La clinique du sein, c’est un peu comme une école de langue hyper efficace !

La clinique du sein, c’est un peu comme une école de langue hyper efficace !

La photo n’a rien à voir avec la titre mais comme ce blog est plus léger, j’ai essayé de trouver une photo inspirant la légèreté.

Je suis sûre que vous vous dites que je me dis (un peu long comme construction de phrase…) qu’il n’y a que celles qui sont passées par là qui comprennent vraiment. C’est pas tout à fait juste et c’est pas tout à fait faux. Mais pour cela, je dois vous expliquer un phénomène linguistique de malade (au sens propre comme au sens figuré) !

Tous les messages que je reçois sont tous si poignants, c’est magique. Tous plein d’empathie et de paroles réconfortantes. Certains plus poétiques, certains plus drôles, certains plus boostant, certains plus émouvants. On est tous si différents quand on envoie des mots gentils à une personne malade. Mais il y a quelque chose de différent dans les messages de celles qui ont vécu la même chose et de ceux et celles qui ont vécu de près la maladie d’un proche ou d’un enfant.

C’est fou, c’est comme si tout à coup, je découvrais une nouvelle langue que je ne connaissais pas et que je n’aurais jamais pu comprendre avant.

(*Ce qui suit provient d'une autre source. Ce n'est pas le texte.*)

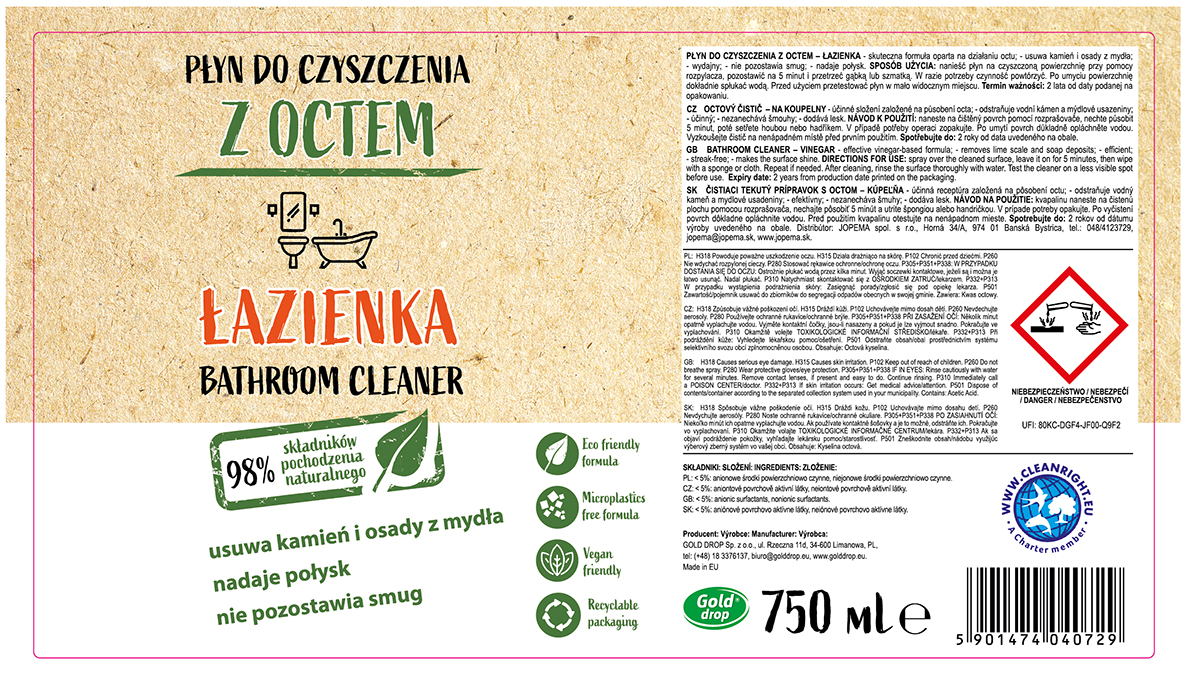 Firma Gold Drop przygotowała nowość jaką jest seria produktów naturalnych do czyszczenia na bazie octu. W skład jej wchodzą trzy produkty:

A la différence du long apprentissage d’une langue étrangère, celle-là s’apprend en deux secondes. Enfin elle s’apprend juste après avoir pris le trois tonnes dans la tronche (Moi, un cancer ? Mais non !). Ce qui encore plus fou, c’est que la maîtrise quasi parfaite de la langue avec quasi toutes ses finesses arrive après le diagnostic post-opératoire, juste après le trois tonnes et le coup de massue (J’ai rêvé que j’avais dans le ventre un serpent qui avait avalé un chat). C’est vraiment un phénomène incroyable et je me dis que ce serait le rêve de pouvoir apprendre des langues étrangères aussi rapidement.

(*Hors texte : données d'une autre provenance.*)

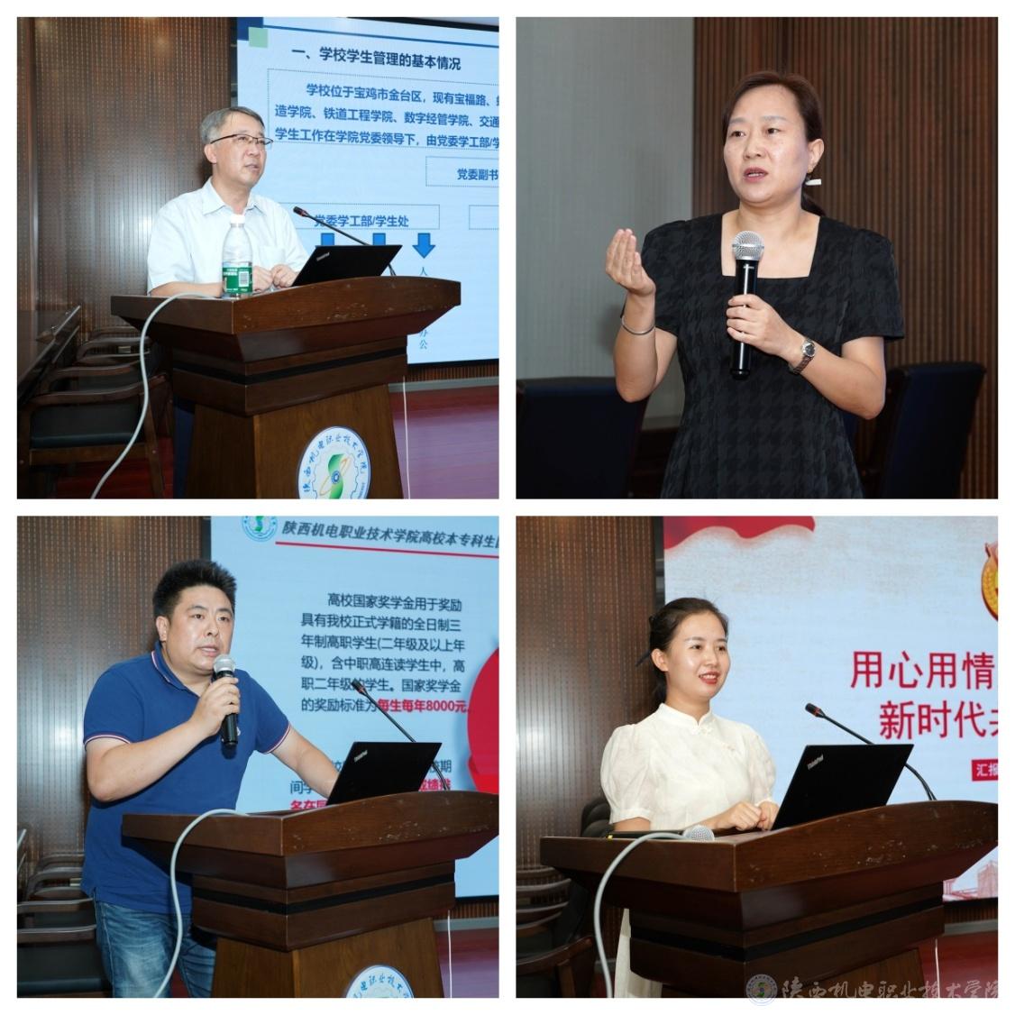 训练营期间学生处处长王建斌,心理健康教育中心主任张国华、学生资助管理中心主任张海波、校团委副书记董妍分别围绕学生日常规范管理、心理危机干预、高校资助政策、新时代共青团工作等方面进行了工作交流。

Cette langue est pleine d’empathie, de sympathie, de codes médicaux, de mots très techniques, de souffrances partagées, d’émotions, de « de tout cœur avec toi » et de « je comprends tellement » qui sonnent tout à fait différemment qu’auparavant. C’est vraiment très très spécial.

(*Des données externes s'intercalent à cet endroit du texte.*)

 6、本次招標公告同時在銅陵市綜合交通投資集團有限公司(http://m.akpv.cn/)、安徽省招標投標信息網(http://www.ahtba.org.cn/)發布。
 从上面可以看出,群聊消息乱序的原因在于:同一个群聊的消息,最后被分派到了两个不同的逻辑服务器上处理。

Et puis y a plusieurs dialectes aussi et ça, c’est encore plus surprenant. Si vous demandez à un Liégeois de comprendre un Canadien profond ou à Didier par exemple qui parle bien le flamand de comprendre un Hollandais du Nord, ils comprennent que dalle. Cette nouvelle langue a plusieurs dialectes et toutes celles qui la parlent comprennent aussi les dialectes des autres. Dommage que ça ne se passe pas comme ça dans la vraie vie, ça simplifierait tellement un tas de meetings professionnels. Je me suis demandé si j’arriverais à trouver des petits noms mignons pour chaque dialecte mais je suis un peu en manque d’inspiration alors je vais les nommer de manière plus cash. Ces dialectes ne correspondent pas à des zones géographiques mais à des stades de la maladie ou expériences vécues de la maladie. Ils sont parfois au présent ou au passé.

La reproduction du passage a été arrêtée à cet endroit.